Bayesian estimation with given prior Given the i.i.d. random variables $X_{1}, X_{2},...,X_{n}$ with frequenty function: $f(x|p)=(x-1)(1-p)^{x-2}p^2$,  with $ x =2,3,...$
Pick as a priori density $f_{P}(p) \propto p(1-p)1_{(0,1]}(p)$.
Give the posterior estimate for $p$ based on this prior.
I find Bayesian estimation very hard to grasp, can someone help me out on this one?
 A: Outline and Hints: According to the applicable version of Bayes' Theorem, you have
$$f(p\,|\,\mathbf{x}) \propto f(p) \times f(\mathsf{x}\,|\, p).$$
Here $f(p\,|\,\mathbf{x})$ represents the posterior distribution of $p$ given data,
$f(\mathsf{x}\,|\, p)$ is the likelihood function of the data, and $f(p)$
is the PDF of the prior distribution [in your case $\mathsf{Beta}(2,2)].$
With your prior and data consisting of $x$ successes in $n$ binomial
trials, one can see that the posterior distribution would be $\mathsf{Beta}(2+x,\; 2+n-x).$ [This is easy to see looking at the kernel of the likelihood because the beta prior and binomial likelihood are 'conjugate' (mathematically compatible).]
You don't say what kind of Bayesian estimate you want.

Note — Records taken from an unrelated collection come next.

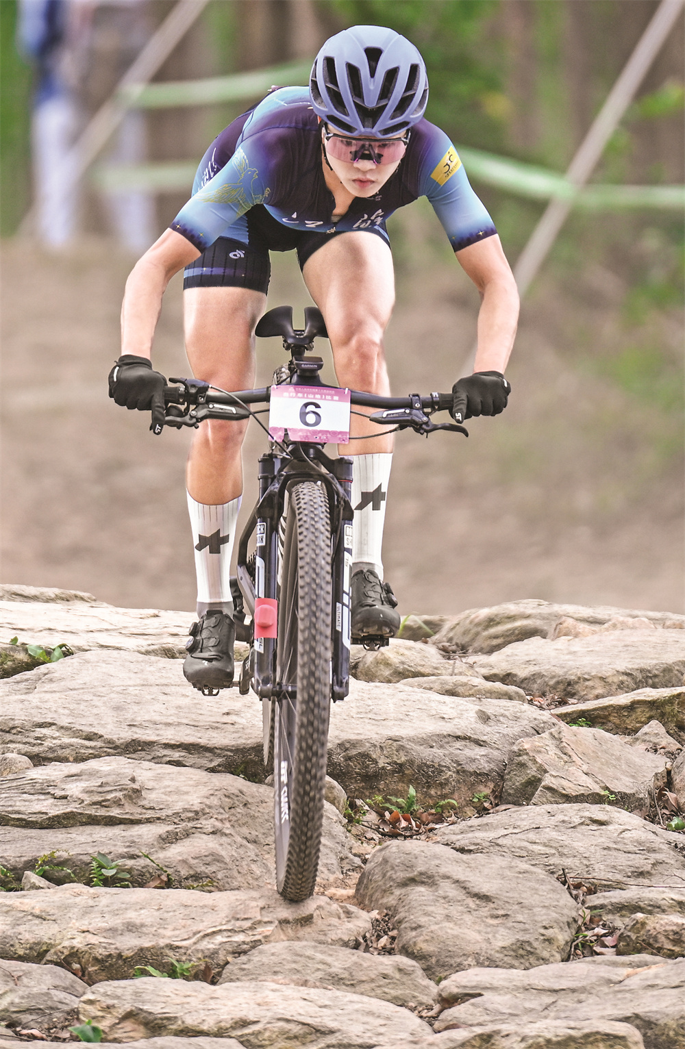 11月20日,江蘇隊(duì)選手魏錢錢在比賽中。當(dāng)日,在廣東江門舉行的第十五屆全國運(yùn)動(dòng)會(huì)山地自行車女子越野賽決賽中,江蘇隊(duì)選手魏錢錢獲得冠軍。
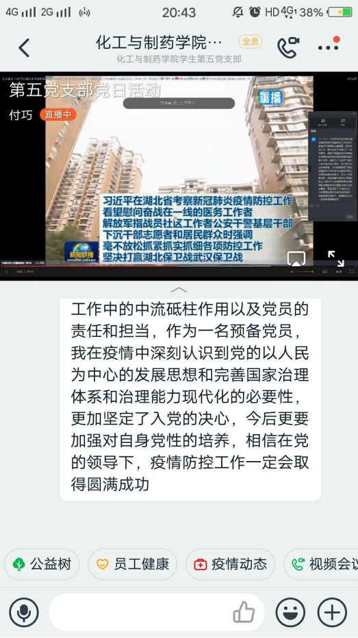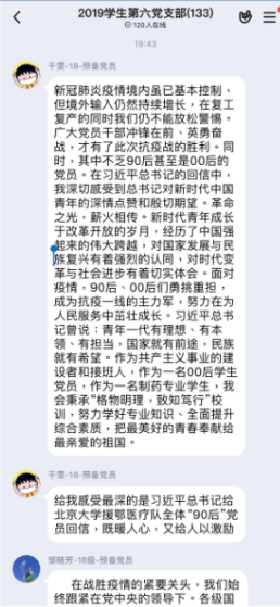 各党支部书记强调员工党员们在做好个人防护、坚决服从党组织安排的基础上,充分发挥好青年党员先锋模范作用,坚决贯彻落实党中央和学校、公司党委对疫情防控的部署要求,同时也提醒支部党员做好学业规划、扎实开展线上学习,疫情期间思想不掉队、学业不掉线。
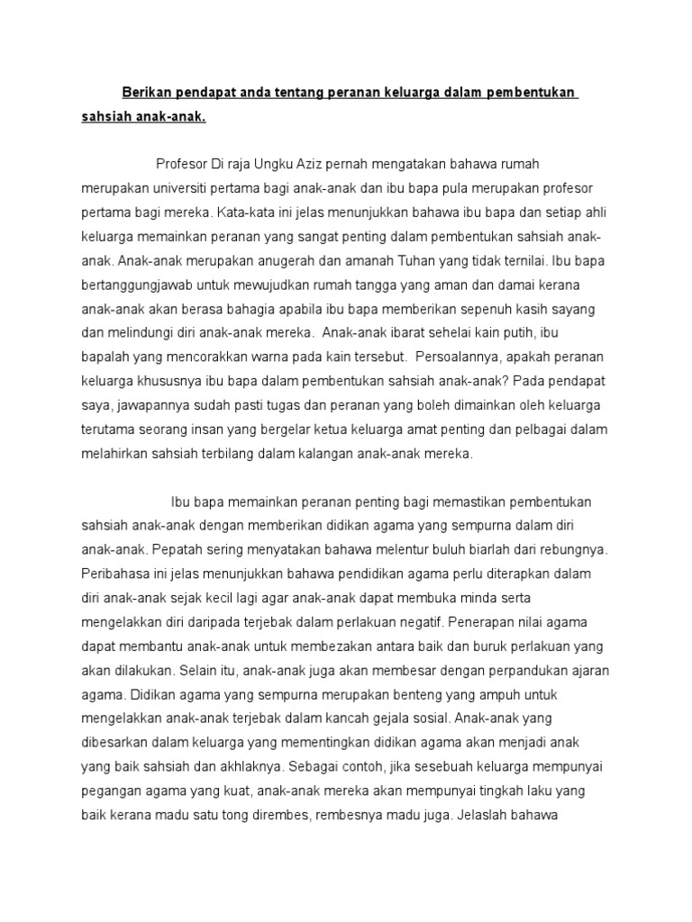 Oleh itu keluarga terutamanya ibu bapa memainkan peranan yang penting untuk membentuk keperibadian anak anak. Karangan spm peranan ibu bapa dalam membentuk sahsiah anak anak peranan ibu bapa dalam membentuk sahsiah anak anak dewasa ini dalam era globalisasi yang kian mencabar gejala sosia semakin berleluasa dan merunsingkan. Jadikan sabda iman al ghazali sebagai iktibar iaitu mendidik anak anak umpama menanam biji benih. Kita melihat kes kes gejala sosial terpampang di dada akhbar mala disiarkan di kaca televisyen.
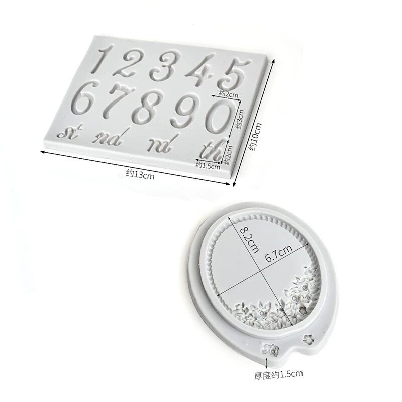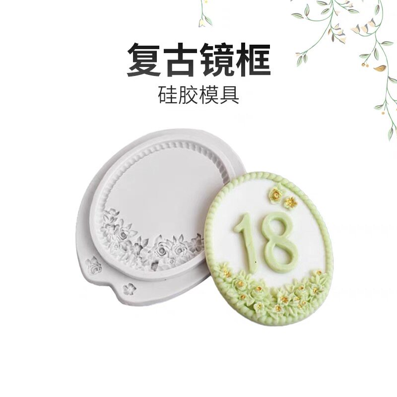 📚 复古镜框硅胶模具数字0-9th浮雕花边相框翻糖巧克力蛋糕烘焙装饰
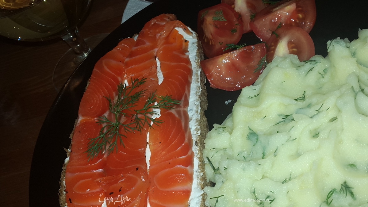 Для бутербродов: Подсушить черный хлеб в духовке, намазать сыром маскарпоне (у меня лабне), выложить сверху ломтики лосося, украсить зеленью. Я подавала на ужин с картофельным пюре. Также очень вкусны такие бутерброды со сладким чаем. Приятного аппетита!
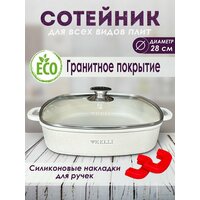 Сотейник техно-вилка KELLI с крышкой, гранитное покрытие, квадратный, 28 см, белый: сравнение цен, характеристики, фото, актуальное наличие и цены.
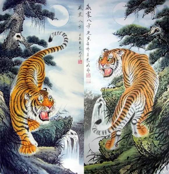 老虎生活于山林之中,中国画里有威风凛凛的“下山虎”(下山捕猎,寓意大展宏图),霸气无边的“上山虎”(捕猎结束,寓意满载而归),唯独没有在平川的老虎,因为中国有句老话叫“虎落平阳被犬欺”。
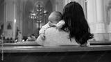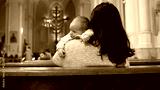 A woman holds a baby boy and sits on a bench in a Catholic church.
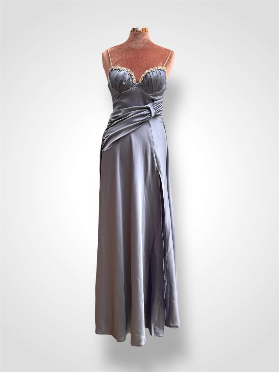 Questo raffinato abito in azzurro polvere incarna grazia e romanticismo. Il design presenta un delicato scollo a cuore, che valorizza il décolleté con sobria sensualità, donando un tocco femminile e sofisticato. Lo scollo è impreziosito da cristalli Swarovski finemente applicati a mano, che catturano la luce con discreta eleganza, creando riflessi luminosi ad ogni movimento. Il tessuto, leggero e fluido, accarezza la silhouette con naturalezza, mentre il taglio valorizza la figura senza costrizioni. Ideale per cerimonie, eventi serali o occasioni speciali, questo abito unisce semplicità e ricercatezza, per una bellezza senza tempo.
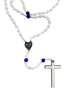 50 cm, croix en métal émaillé, grains en plastique avec médaille au centre. Se récite comme les autres.
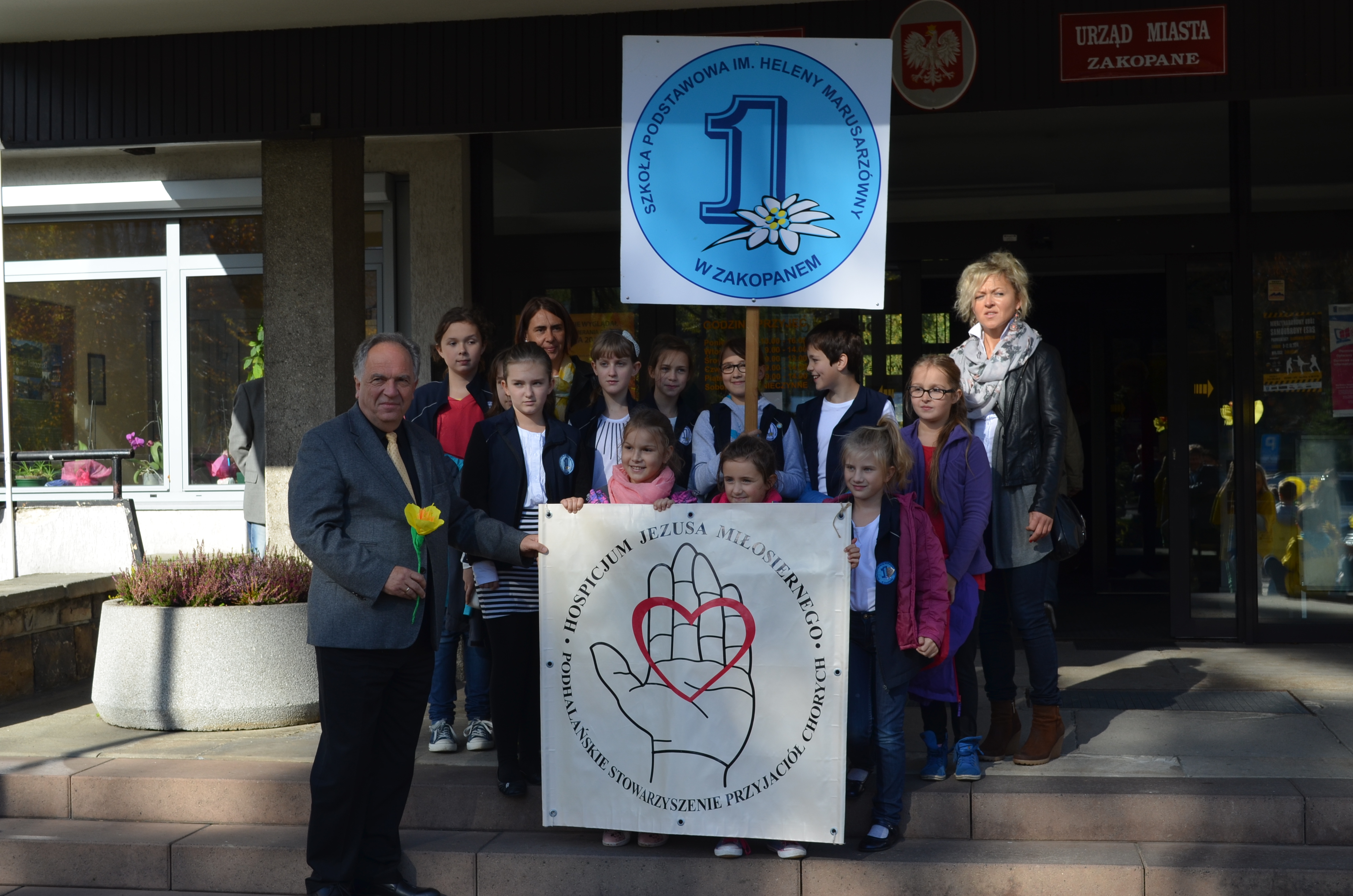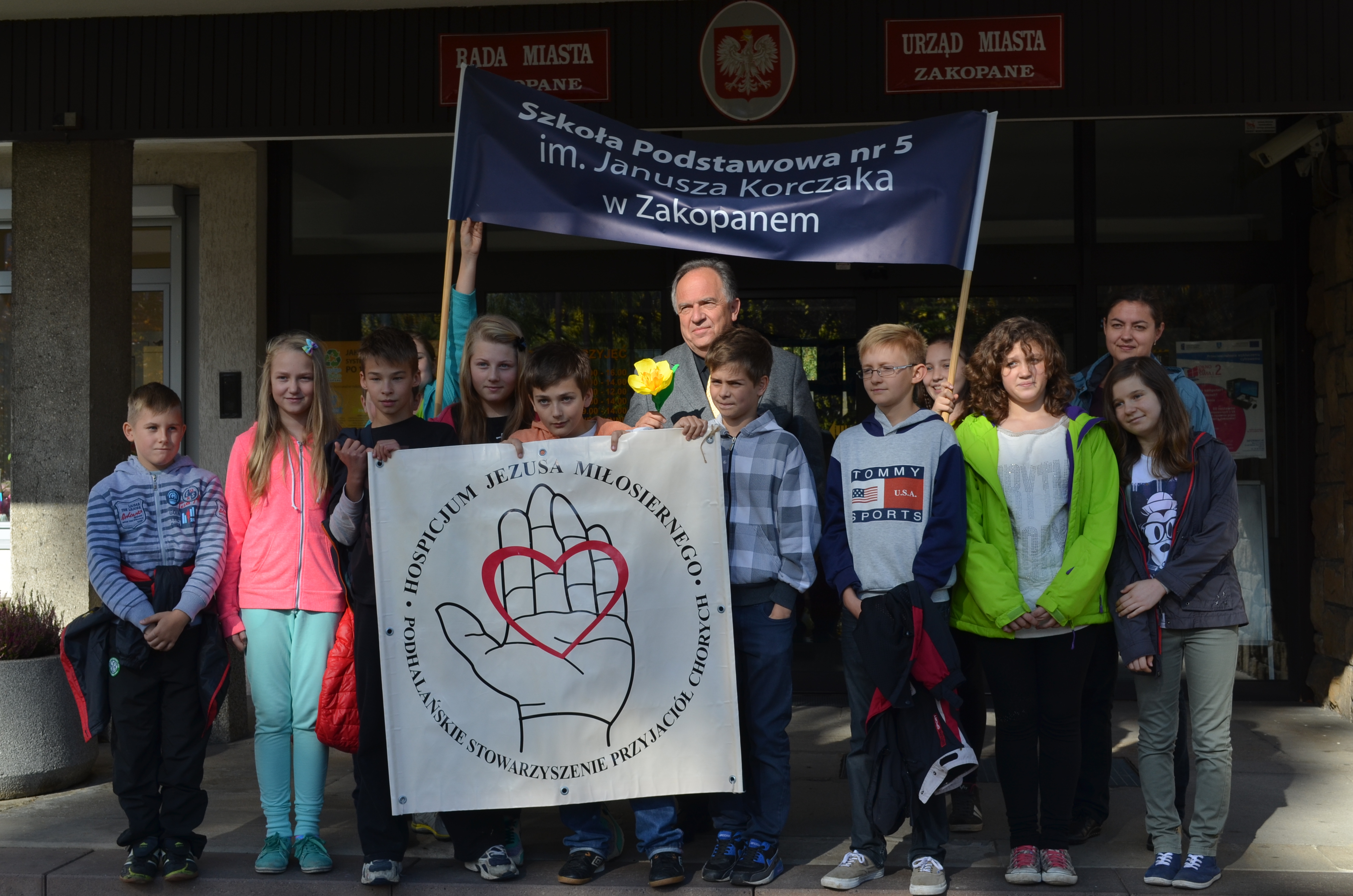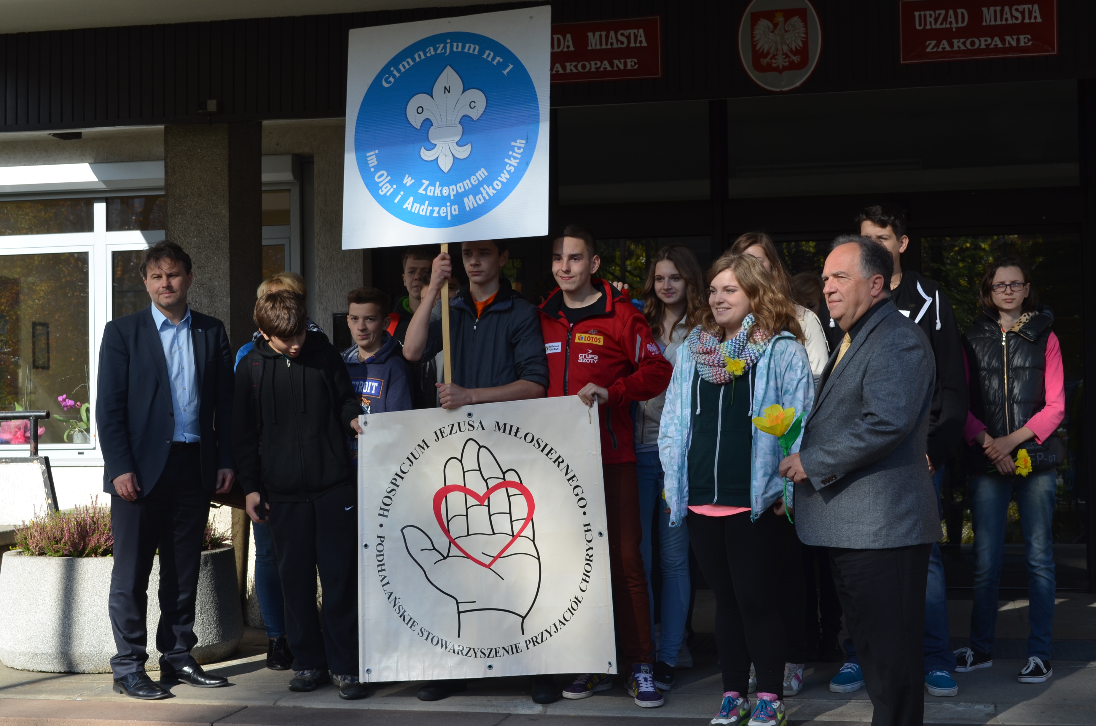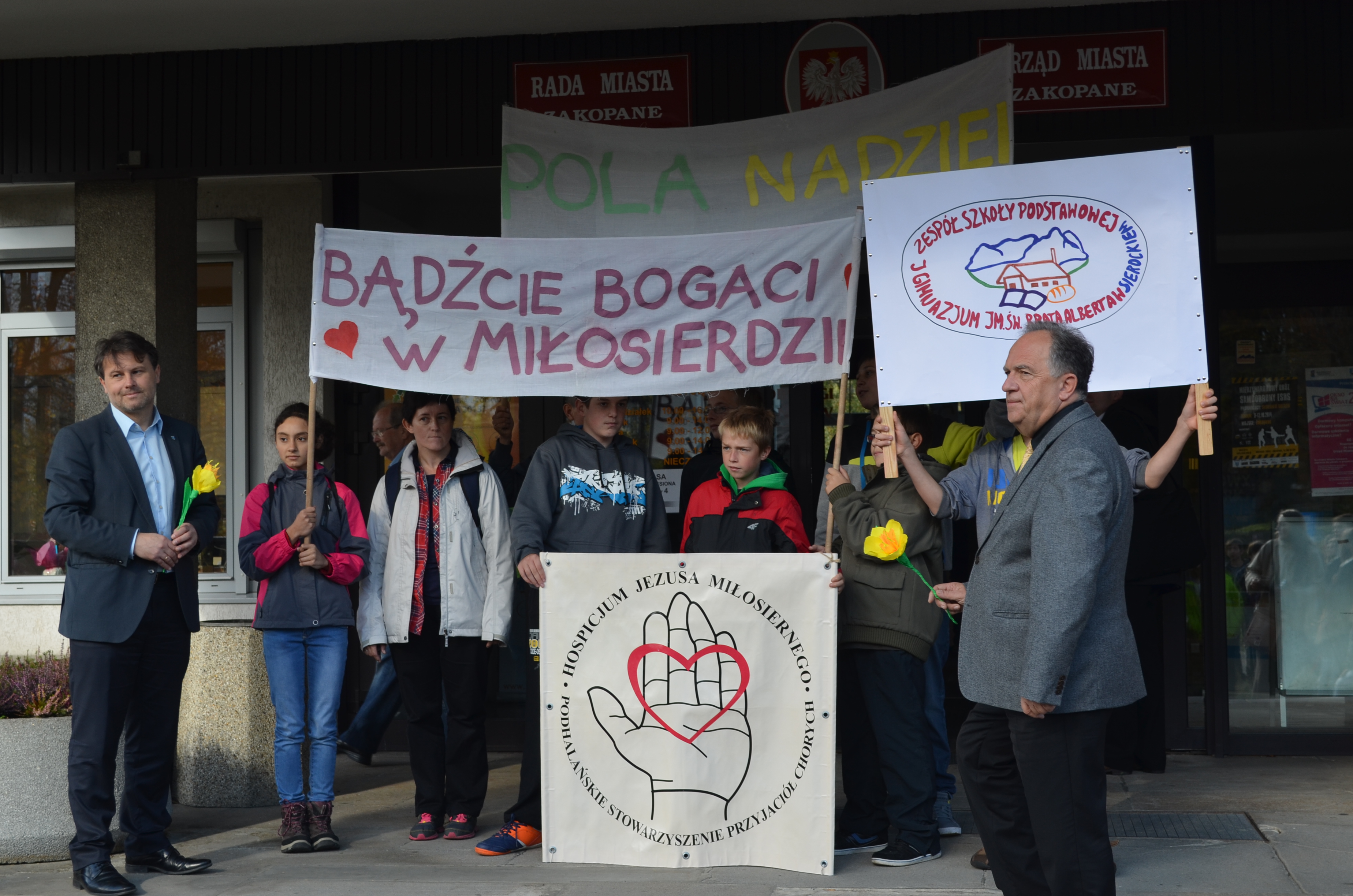 Uczestnicy akcji „Pola nadziei”, w trakcie przemarszu ulicami miasta, odwiedzili Urząd Miasta Zakopane, gdzie spotykali się z burmistrzem Januszem Majchrem i jego zastępcą Mariuszem Koperskim. Akcja, w którą od lat włącza się młodzież i dzieci z terenu Skalnego Podhala, ma na celu poszukiwanie środków finansowych na rzecz osób terminalnie chorych.

For point
estimates, the mode and mean (and even the median) of the posterior
distribution have been used. For a Bayesian 95% probability interval estimate
one method is to find quantiles .025 and .975 of the
posterior distribution. (Something like the qbeta function in R
can be used to do the numerical integration, if necessary.)
Addendum per comment: I answered for binomial data. But your likelihood function is $\prod_{i=1}^n f(x_i|p)$, for the given $f(x|p).$ Then you would get somewhat different beta parameters for the posterior. My guess is that the answer is the mode of the posterior distribution, but I don't have the full context of what you've been studying. In meetings next few days so can't quickly go further into it. If you can't get it on your own, then I suggest you 'unaccept' my 'outline and hints' and maybe someone else will help.